> **Data below**
+ + +
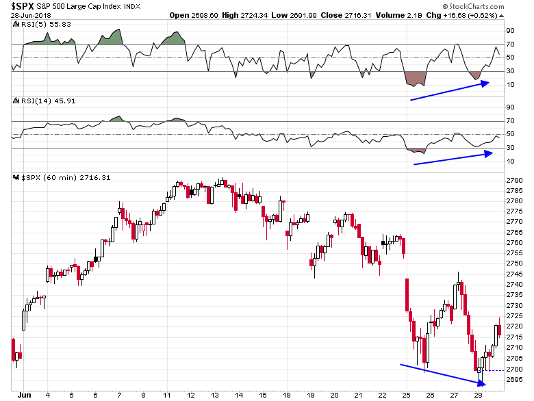 I wrote in my last post (see 4 reasons why the bull is still alive) that I was waiting for a re-test of the lows that was accompanied by a positive RSI divergence. We got the re-test yesterday (Wednesday) as the SPX undercut its previous low, but neither RSI-5 nor RSI-14 exhibited a positive divergence. Arguably, these readings could be interpreted as bearish because RSI-14 put in a lower low, indicating negative momentum, and RSI-5 remained oversold, indicating a “bad oversold” condition that implies further downside.
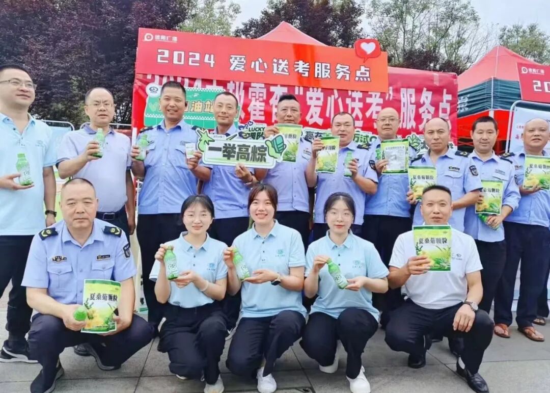 德阳太极大药房持续参与德阳市爱心送考活动,青年职工们为高考公益车队及交警送上了包括藿香正气口服液、藿香小可乐、夏桑菊颗粒组成的清凉礼包110份,为送考队伍助力。
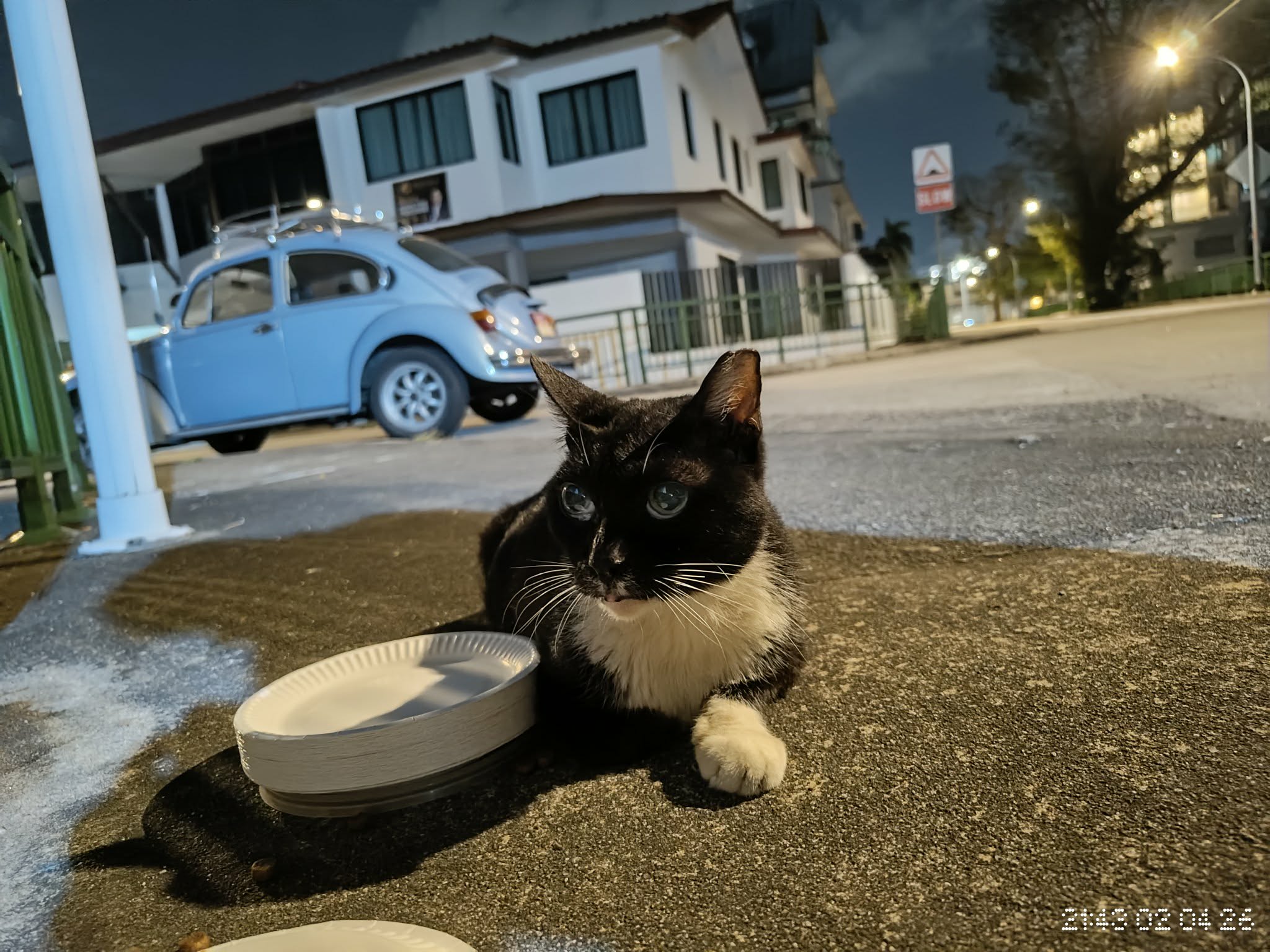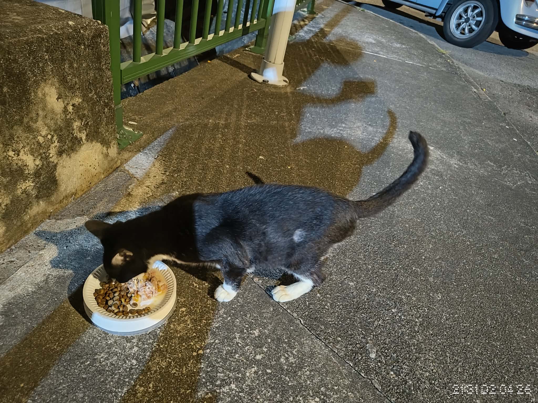 Just a community cat i get to know while looking for snow. not close. he come out sometime if really hungry. Normally he eat those rubbish food on floor i think. scare of human
+ + +
> **Goal of the exercise**
Each line above should be written out again exactly, without any image.

> **Response below**
 I wrote in my last post (see 4 reasons why the bull is still alive) that I was waiting for a re-test of the lows that was accompanied by a positive RSI divergence. We got the re-test yesterday (Wednesday) as the SPX undercut its previous low, but neither RSI-5 nor RSI-14 exhibited a positive divergence. Arguably, these readings could be interpreted as bearish because RSI-14 put in a lower low, indicating negative momentum, and RSI-5 remained oversold, indicating a “bad oversold” condition that implies further downside.
 德阳太极大药房持续参与德阳市爱心送考活动,青年职工们为高考公益车队及交警送上了包括藿香正气口服液、藿香小可乐、夏桑菊颗粒组成的清凉礼包110份,为送考队伍助力。
 Just a community cat i get to know while looking for snow. not close. he come out sometime if really hungry. Normally he eat those rubbish food on floor i think. scare of human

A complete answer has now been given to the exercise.